Au départ, on pense que le post-apo sera le sujet du film. Bien vite, on se rend compte qu’il s’agira d’autre chose : une satyre politico-sociale mise en image de manière vidéo-ludique par un cinéaste talentueux dont la mise en scène hybride est au service des personnages et de leur cheminement.

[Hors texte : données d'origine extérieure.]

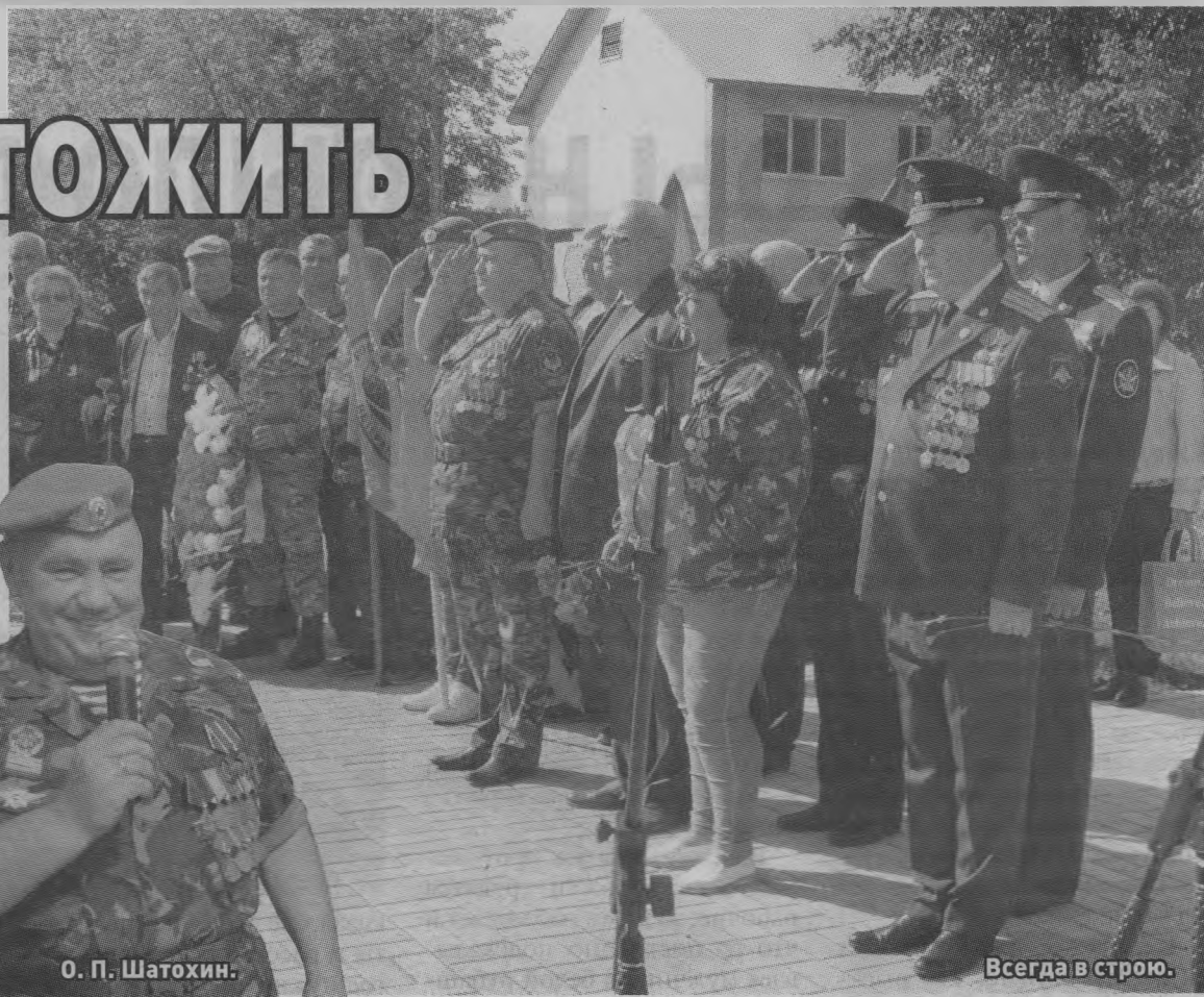
Всегда в строю.

Vidéo-ludique car il s’agit d’évoluer d’un point A à un point B en passant par une succession de wagons « salles-épreuves » à la fonctionnalité bien définie. Le point A étant l’arrière crade du train ou cette classe sociale de sous-ouvriers est exploitée et contrôlée par « les autres » prépare sa rébellion, et ambitionne de rejoindre l’hypothétique exutoire à leur situation, le Point B, l’avant du train. Cette orientation est un choix plus que judicieux car il permet de renouveler régulièrement l’implication du spectateur via la compréhension de plus en plus complète de ce train-univers.
Le discours politique est aussi très présent, quoique peu original. Cette lutte des classes sur fond de révolution a déjà été vue dans des classiques comme soleil vert ou même, rien que cette année, dans Elysium, ou le schéma politico-science-fictionnel est déroulé avec moins d’acuité et d’efficacité. Ce discours s’estompe néanmoins au cours du film, au profit d’une dimension plus humaine d’un coté, et d’une logique scientifique de l’autre.

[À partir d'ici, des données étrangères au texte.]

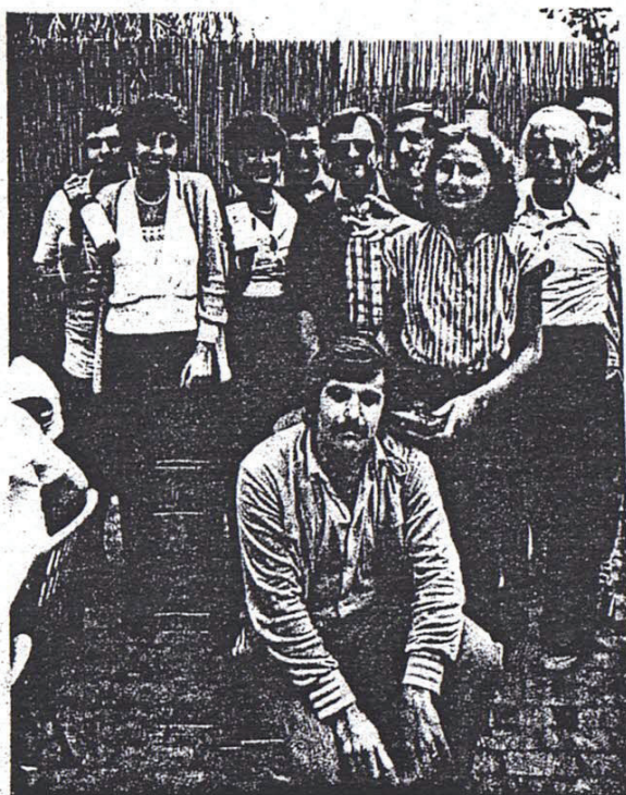
I vincitori della caccia al tesoro

Le film reflète surtout la vision de l’humanité par Bong Joon Ho. Car chaque personnage n’est finalement que l’expression d’un sentiment plus ou moins négatif. Même si la mise en scène de BJH peut parfois, comme d’habitude dans son cinéma, désamorcer par l’humour (noir) certains moments très violents, durs ou cruels, on n’en retient pas moins une vision pessimiste de l’avenir de l’homme.

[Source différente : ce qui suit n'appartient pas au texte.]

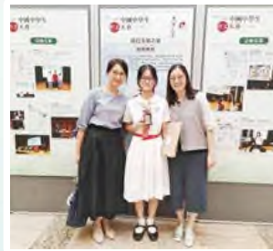
中國中學生作文大賽高中組銅獎
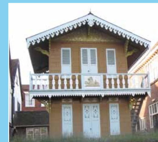
Le chalet de Rochester

À Condette, Dickens bénéficie régulièrement de l'hospitalité de Ferdinand Beaucourt, riche commerçant bouloonnaise que l'écrivain évoque dans Le Bagage de Quelqu'un publié en 1862. La rumeur prétend que Dickens y invite sa maîtresse Ellen Ternan, dans ce qui est devenu aujourd'hui le « Chalet Dickens ». L'anecdote est entretenue par le journal satirique Punch à partir de 1902, avec la révélation de multiples témoignages de la présence de Dickens dans les années 1860. Les habitants évoquent ainsi les petits cadeaux laissés par l'écrivain, et le maire de l'époque, M. Huret-Lagache, relate ses conversations avec lui. Par contre, nulle trace de la venue de la jeune actrice. Aujourd'hui, un médaillon à l'extérieur du bâtiment signale la venue de Dickens.
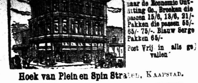
Hoek van Plein en Spin Straat, KAAPSTAD.
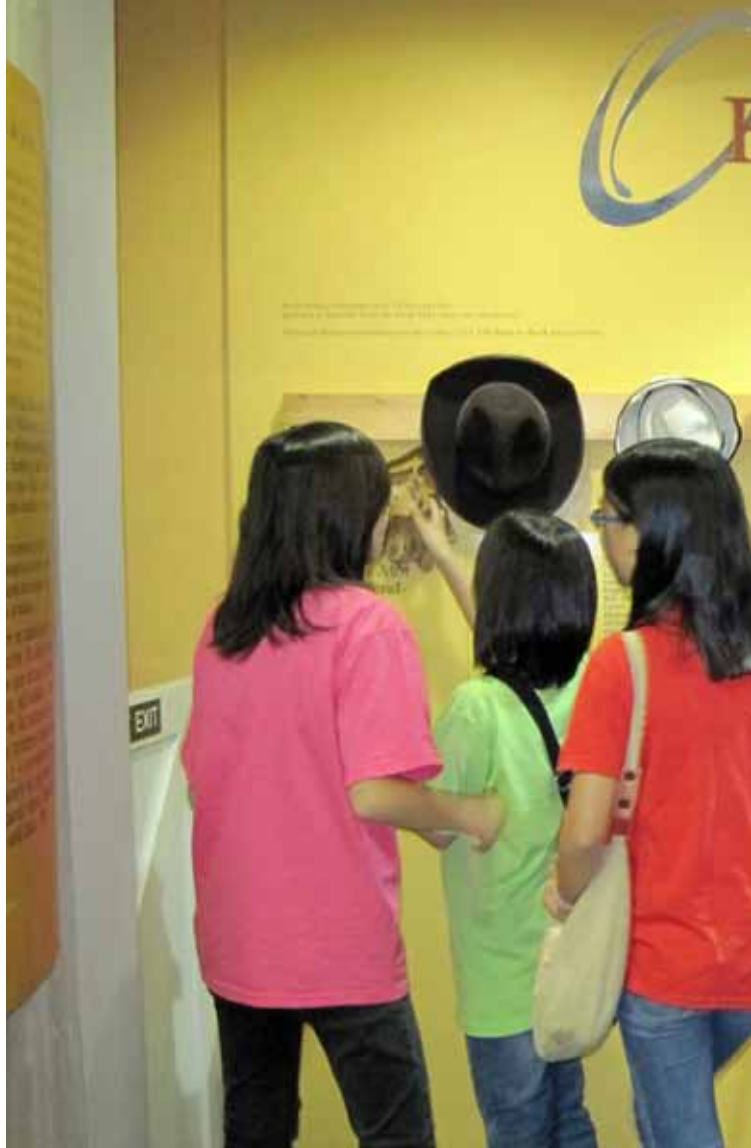
เด็กๆ ตื่นเต้นกับของใช้ของจอร์จและเลนนี่ ตัวละครที่นักอ่านน้อยเหล่านี้ คุ้นเคยเป็นอย่างดี ที่เนชันแนลสไตน์เบกเซ็นเตอร์ (National Steinbeck Center) ซาลินัส แคลิฟอร์เนีย

Héros ou méchant, ces termes n’existent pas vraiment dans Snowpiercer. Chacun agit selon des motivations qu’il est impossible de deviner avant qu’elles soient expliquées.
Force et limite du film, car arrivés vers la fin, on attend simplement une explication de plus pour combler les trous scénaristiques. Celle-ci, d’ailleurs, n’atteint pas totalement son objectif: Un petit arrière goût de trop plein d’informations vient atténuer la puissance du propos.
Snowpiercer, un film oignon ou les couches successives (scénaristiques, émotionnelles et esthétiques) forment un tout cohérent et passionnant.